[What the exercise asks]
Only the lines below from the one containing "Giáo sư Jorg" through the one containing "Red handles 5" belong in the answer, set down exactly, with the pictures left out.

*** Opening Provided records ***

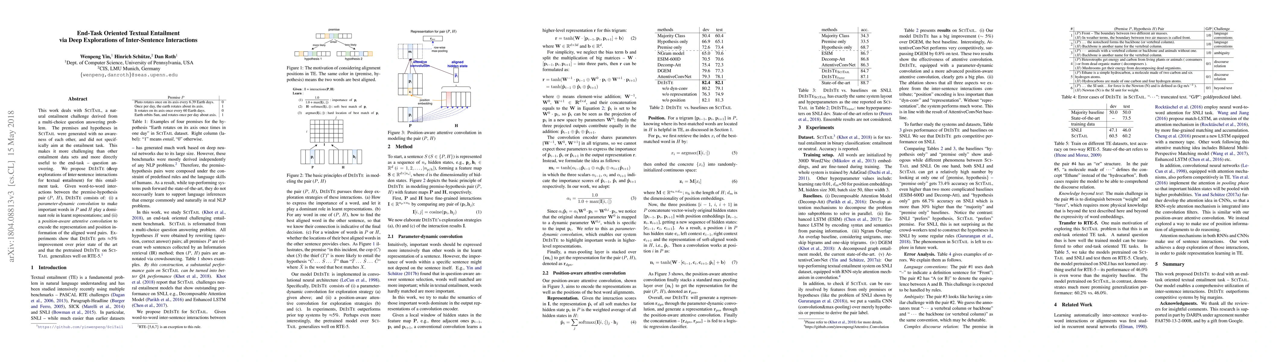 This work deals with SciTail, a natural entailment challenge derived from a multi-choice question answering problem. The premises and hypotheses in SciTail were generated with no awareness of each other, and did not specifically aim at the entailment task. This makes it more challenging than other entailment data sets and more directly useful to the end-task -- question answering. We propose DEISTE (deep explorations of inter-sentence interactions for textual entailment) for this entailment task. Given word-to-word interactions between the premise-hypothesis pair ($P$, $H$), DEISTE consists of: (i) a parameter-dynamic convolution to make important words in $P$ and $H$ play a dominant role in learnt representations; and (ii) a position-aware attentive convolution to encode the representation and position information of the aligned word pairs. Experiments show that DEISTE gets $\approx$5\% improvement over prior state of the art and that the pretrained DEISTE on SciTail generalizes well on RTE-5.
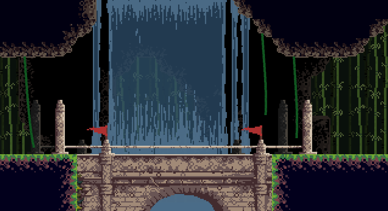 >>678955 >Я просто уверен, что эти тайлы земли, этот бамбук, эти флаги я видел раньше. >Ассет пак скачал? использовал узор из своей игры с джема, кидал месяца два назад наверное. Бамбук сам рисовал, но там особо ничего не порисуешь, палка да палка, может поэтому он кажется знакомым? С флажком аналогично, нарисовал треугольник, сделал анимацию "волны" >Водопад прямиком из обсурити. Там был совершенно другой водопад
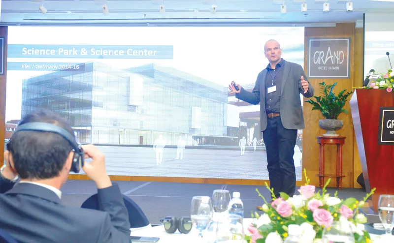 Giáo sư Jorg Rainer Noenning trình bày tham luận tại hội nghị. Ảnh: CAO THĂNG
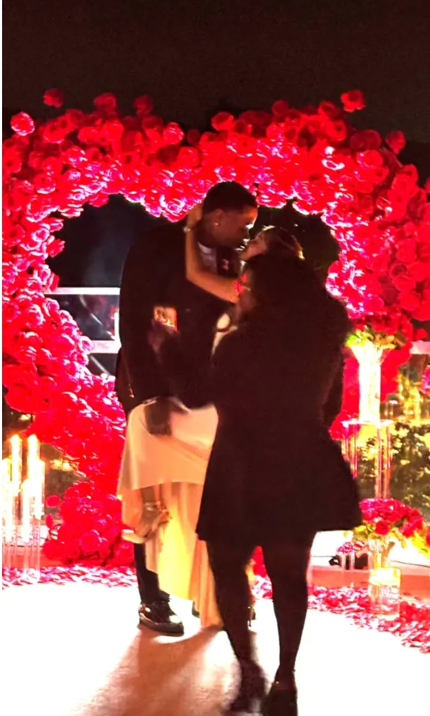 The Chiefs right tackle, 27, popped the question in front of an elaborate red backdrop featuring two spiraling balloon towers and a large, heart-shaped floral arrangement with a neon sign that read, “Will you marry me?” The pair were also surrounded by candles, rose bouquets, flower petals and photos of themselves during the special moment.
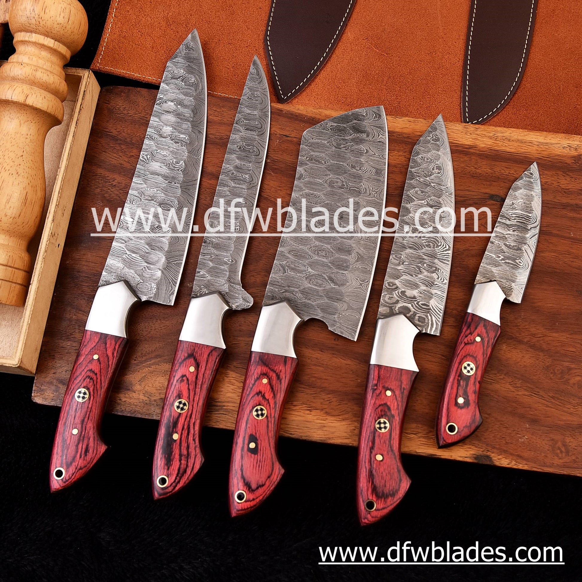 Red handles 5 pcs set- Handmade Damascus Forged steel chef knives set
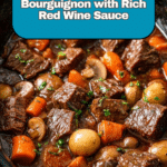 Slow Cooker Beef Bourguignon is a comforting, rich stew that transforms simple ingredients into a deeply flavorful meal. Using a one-pour wine mixture simplifies the process while delivering classic French flavors. It’s perfect for a cozy dinner with minimal hands-on time.

*** Closing Provided records ***

[Task result]
 Giáo sư Jorg Rainer Noenning trình bày tham luận tại hội nghị. Ảnh: CAO THĂNG
 The Chiefs right tackle, 27, popped the question in front of an elaborate red backdrop featuring two spiraling balloon towers and a large, heart-shaped floral arrangement with a neon sign that read, “Will you marry me?” The pair were also surrounded by candles, rose bouquets, flower petals and photos of themselves during the special moment.
 Red handles 5 pcs set- Handmade Damascus Forged steel chef knives set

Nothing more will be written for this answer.